Some less welcome insect visitors appear in numbers in our gardens as the summer goes on.
There are more ants in the world than any other creature on the planet – most of who keep appearing in my garden!
Ants can become a problem, especially if they build up in large numbers on lawn areas. Ant mounds can disfigure a lawn and high numbers of adults can make amenity use of a lawn difficult. The mounds are the entrance to their colonies which contain many different interchangeable roles for the ants – workers, soldiers, drones and Queens. Ant nests can go deep underground with many cavities for the colony to live in. This is why it is important to get the correct and quickest control method first time.
Ant mound in the garden
Some poison baits can be very persistent and leave harmful residues for other insects and wildlife, so treating effectively without damage to the local environment can be tricky.
Some garden suppliers offer nematodes for the control of ants. Whilst I am a big fan of nematodes for the control of many insect pests, I am less convinced they are effective against ants. I think the action of the pouring water mixed with nematodes had some effect to displace the ants but does not offer much of a kill rate to the ants, which will most likely return shortly afterwards.

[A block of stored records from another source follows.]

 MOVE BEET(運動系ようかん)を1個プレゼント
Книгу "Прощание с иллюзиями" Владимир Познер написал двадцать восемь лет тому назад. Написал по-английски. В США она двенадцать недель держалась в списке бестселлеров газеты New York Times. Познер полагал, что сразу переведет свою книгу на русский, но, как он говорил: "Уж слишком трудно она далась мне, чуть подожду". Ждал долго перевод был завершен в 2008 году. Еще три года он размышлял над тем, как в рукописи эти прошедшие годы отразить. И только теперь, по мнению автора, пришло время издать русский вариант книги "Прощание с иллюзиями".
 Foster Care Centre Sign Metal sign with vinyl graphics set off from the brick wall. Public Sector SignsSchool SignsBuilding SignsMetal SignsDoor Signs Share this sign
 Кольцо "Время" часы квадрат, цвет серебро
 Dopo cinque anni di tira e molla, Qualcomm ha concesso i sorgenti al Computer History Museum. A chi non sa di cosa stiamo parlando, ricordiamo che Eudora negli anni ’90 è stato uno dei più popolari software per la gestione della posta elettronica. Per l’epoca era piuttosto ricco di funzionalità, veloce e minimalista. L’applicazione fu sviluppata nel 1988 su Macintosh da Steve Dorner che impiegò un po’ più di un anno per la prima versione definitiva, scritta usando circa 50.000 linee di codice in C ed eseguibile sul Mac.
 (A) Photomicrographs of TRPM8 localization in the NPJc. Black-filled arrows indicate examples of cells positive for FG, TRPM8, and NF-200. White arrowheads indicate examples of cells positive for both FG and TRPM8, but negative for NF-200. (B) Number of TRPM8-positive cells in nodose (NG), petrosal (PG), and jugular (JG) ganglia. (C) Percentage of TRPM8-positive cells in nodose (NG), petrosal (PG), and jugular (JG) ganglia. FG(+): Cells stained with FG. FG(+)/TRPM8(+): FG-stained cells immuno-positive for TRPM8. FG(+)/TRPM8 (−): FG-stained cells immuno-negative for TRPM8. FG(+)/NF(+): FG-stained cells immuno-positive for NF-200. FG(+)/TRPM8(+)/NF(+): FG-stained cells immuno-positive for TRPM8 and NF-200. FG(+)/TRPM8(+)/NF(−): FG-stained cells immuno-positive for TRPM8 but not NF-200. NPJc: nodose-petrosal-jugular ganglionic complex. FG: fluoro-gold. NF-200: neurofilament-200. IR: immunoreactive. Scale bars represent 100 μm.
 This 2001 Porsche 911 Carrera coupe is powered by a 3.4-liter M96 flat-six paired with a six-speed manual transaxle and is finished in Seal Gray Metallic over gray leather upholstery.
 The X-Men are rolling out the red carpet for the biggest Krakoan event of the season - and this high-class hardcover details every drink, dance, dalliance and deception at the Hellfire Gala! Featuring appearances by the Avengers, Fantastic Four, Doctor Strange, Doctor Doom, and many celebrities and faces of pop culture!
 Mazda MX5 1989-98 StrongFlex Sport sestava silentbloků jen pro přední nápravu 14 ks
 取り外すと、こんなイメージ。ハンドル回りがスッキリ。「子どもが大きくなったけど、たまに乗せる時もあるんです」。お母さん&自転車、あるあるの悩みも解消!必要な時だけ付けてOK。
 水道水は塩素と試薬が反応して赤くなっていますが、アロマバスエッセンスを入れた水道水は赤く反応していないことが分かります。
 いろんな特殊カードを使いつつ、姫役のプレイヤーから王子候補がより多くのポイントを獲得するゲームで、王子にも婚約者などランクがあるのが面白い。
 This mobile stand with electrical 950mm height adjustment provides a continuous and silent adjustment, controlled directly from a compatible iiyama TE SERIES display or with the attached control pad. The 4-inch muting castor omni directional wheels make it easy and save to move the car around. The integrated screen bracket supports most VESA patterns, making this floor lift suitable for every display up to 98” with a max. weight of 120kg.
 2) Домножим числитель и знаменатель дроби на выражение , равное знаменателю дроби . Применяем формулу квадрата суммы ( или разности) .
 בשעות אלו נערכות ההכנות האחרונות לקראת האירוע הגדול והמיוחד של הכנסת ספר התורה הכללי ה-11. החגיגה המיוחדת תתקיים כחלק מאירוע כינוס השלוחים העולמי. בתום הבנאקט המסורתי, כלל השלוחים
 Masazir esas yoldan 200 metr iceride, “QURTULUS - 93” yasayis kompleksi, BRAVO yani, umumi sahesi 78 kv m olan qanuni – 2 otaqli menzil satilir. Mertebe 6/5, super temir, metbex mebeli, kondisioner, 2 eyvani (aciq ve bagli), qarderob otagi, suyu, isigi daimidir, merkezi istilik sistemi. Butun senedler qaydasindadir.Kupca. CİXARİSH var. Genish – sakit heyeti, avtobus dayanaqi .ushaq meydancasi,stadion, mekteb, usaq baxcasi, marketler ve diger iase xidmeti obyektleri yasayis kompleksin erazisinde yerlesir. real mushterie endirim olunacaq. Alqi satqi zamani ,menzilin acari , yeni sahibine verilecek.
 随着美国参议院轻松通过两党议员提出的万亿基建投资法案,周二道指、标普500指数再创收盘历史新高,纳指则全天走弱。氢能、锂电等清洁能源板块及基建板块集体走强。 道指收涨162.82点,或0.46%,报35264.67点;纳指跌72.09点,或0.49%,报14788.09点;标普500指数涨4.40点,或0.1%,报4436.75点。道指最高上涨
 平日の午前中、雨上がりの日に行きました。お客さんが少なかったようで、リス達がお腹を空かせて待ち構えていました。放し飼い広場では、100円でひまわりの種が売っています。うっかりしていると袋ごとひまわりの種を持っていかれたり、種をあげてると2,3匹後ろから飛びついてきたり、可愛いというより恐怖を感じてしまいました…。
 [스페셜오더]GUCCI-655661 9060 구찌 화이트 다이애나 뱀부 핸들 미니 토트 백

A more effective solution with minimal impact on wildlife is the use of a natural pyrethrum bait or solution such as Neudorff Ant Killer Granules, which can either be sprinkled on ant trails or mixed in water and watered into ant mounds. The pyrethrum will kill the ants but does not persist in the soil to harm beneficial wildlife.
If you prefer to use only physical means of control, repeated disturbance of ant colonies will eventually dislodge them and make them move.